Earlier this year the USAJFKSWCS received four unit-level awards from the United States Army Special Operations Command for high safety standards and recognized four units and 54 individuals with USAJFKSWCS Safety Awards for their contributions to readiness through Safety. Of the unit awards, the most significant went to 1st Special Warfare Training Group (Airborne), which received four USASOC awards.
The success of one of the companies reached the level of recognition by the Department of the Army.
Company F, 1st Battalion, 1st Special Warfare Training Group (Airborne), received The 2012 Director of the Army Safety Composite Risk Management Award on September 9 for significant contributions to Army readiness through the application of composite risk management.
Lt. Gen. Charles T. Cleveland, the USASOC commander, presented the award to Maj. Brian E. Decker, the commander of Company F.

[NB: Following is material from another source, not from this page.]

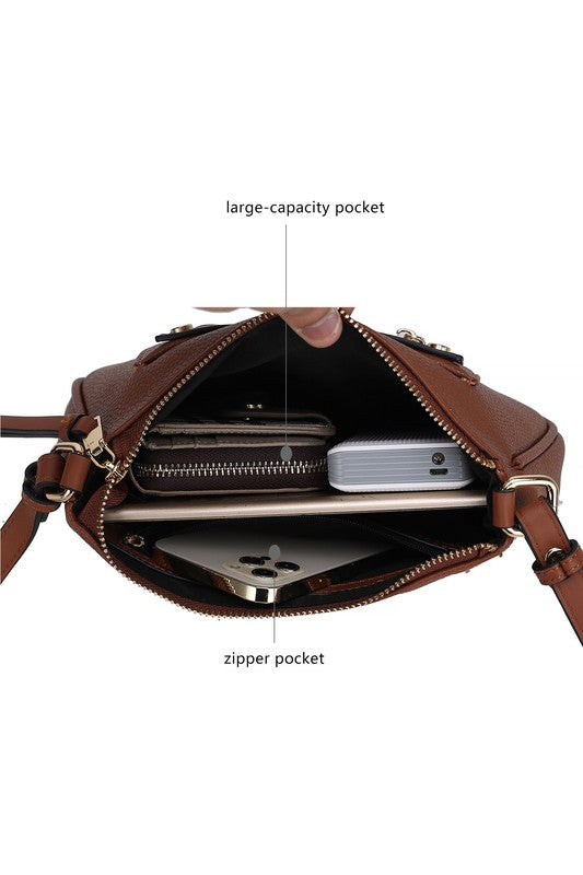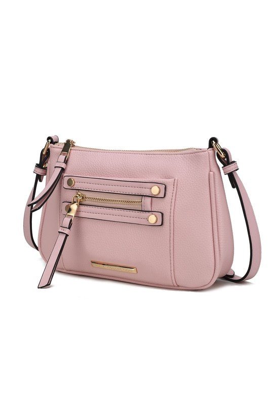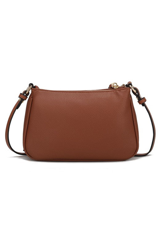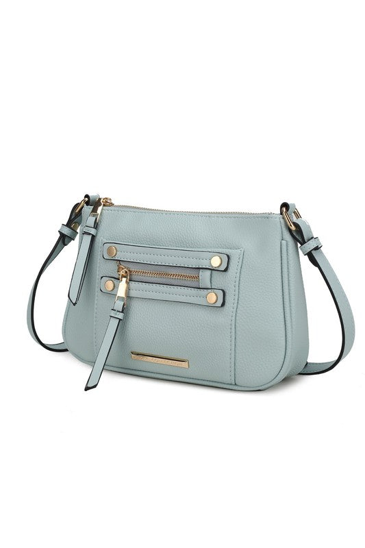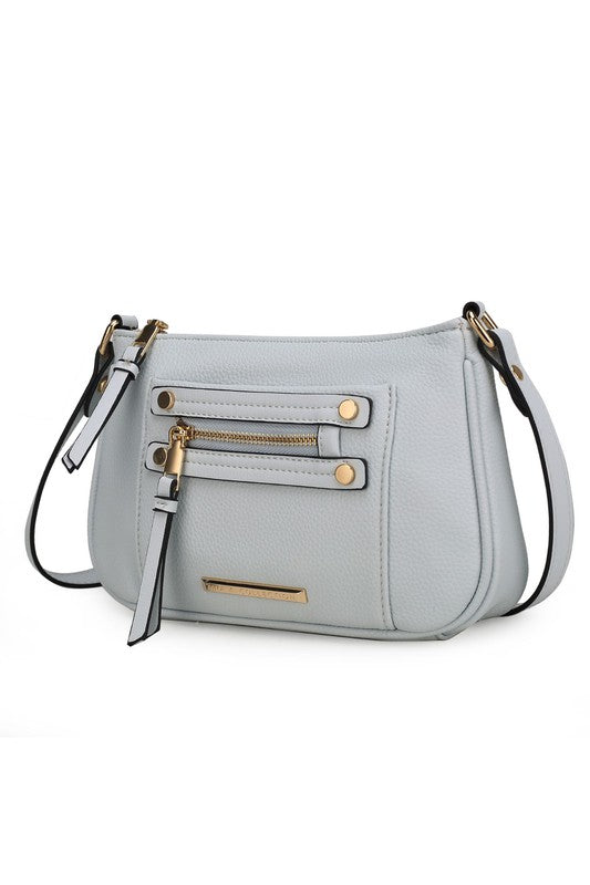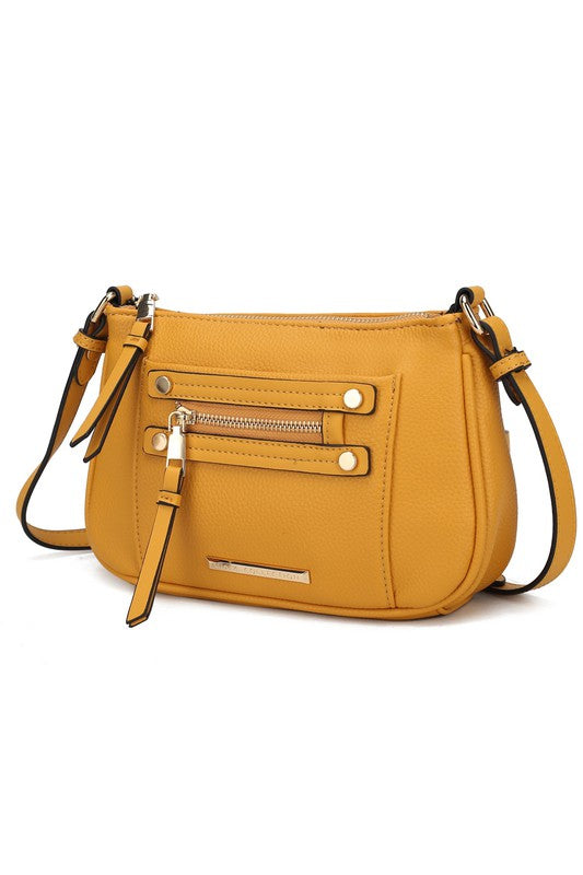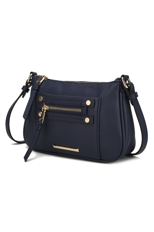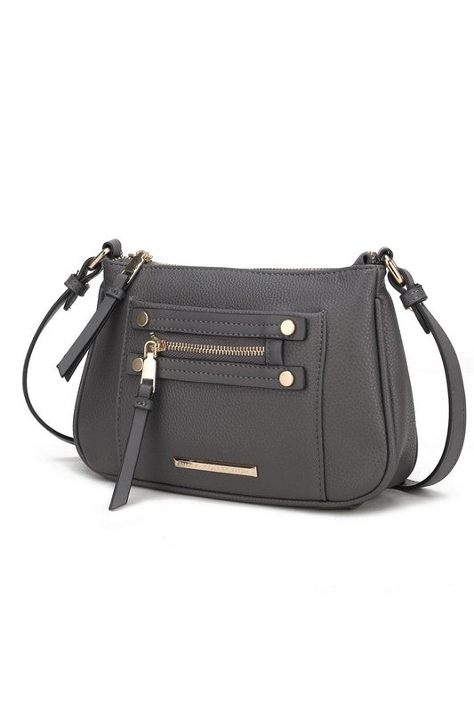 Crafted from soft pebble high-quality vegan leather and accented with gold-tone hardware, this crossbody is the perfect go-anywhere bag. Unzips it to reveal a fully lined interior with a wall zippered pocket. The Essie Crossbody has our plate emblem on the front, gold press studs, a decorative zippered front pocket, and a convenient front slip pocket to keep your small belongings. You will love to wear this hands-free style.
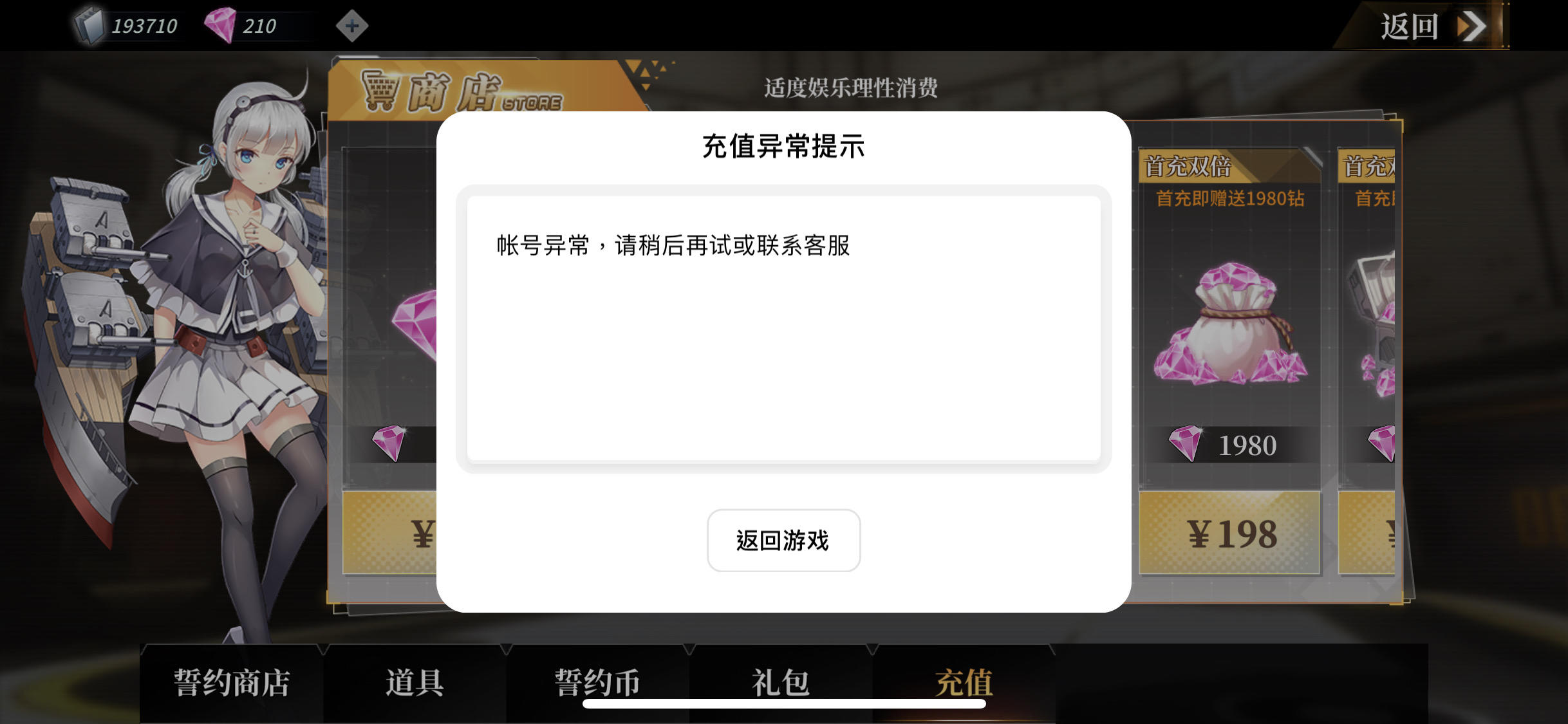 充值提醒我账号异常问题是我只有这一个设备哪有别的地方登陆啊…氪金都氪不了…话说到底啥就算账号异常,说清楚啊

Throughout his years of service, Lt. Gen. Cleveland learned the importance of keeping safety a routine point of performance in preventing injuries or fatal incidents. While serving as a group commander, the importance of safety was brought home to him when a Soldier sustained a life-altering injury on the range, losing a hand.
“Good units will do the routine things routinely well and safety is a part of the routine that you have to incorporate into the things you routinely do,” said Cleveland. “It’s a direct reflection of the way commanders and leaders at all levels approach the problem.”
Both soldiers and civilians of Company F protected Army resources and reduced risk by identifying and developing innovative techniques to mitigate or control risk during training.
“This is a testament to the cadre’s professionalism and their competence; they’re the ones at the tip of the spear,” said Decker. “We don’t believe that we have to break someone in order to assess them.”
The commitment to soldier safety resulted in more than 5,000 soldiers trained and assessed in some of the Army’s most physically challenging training courses in assessment and selection without serious injury or incident.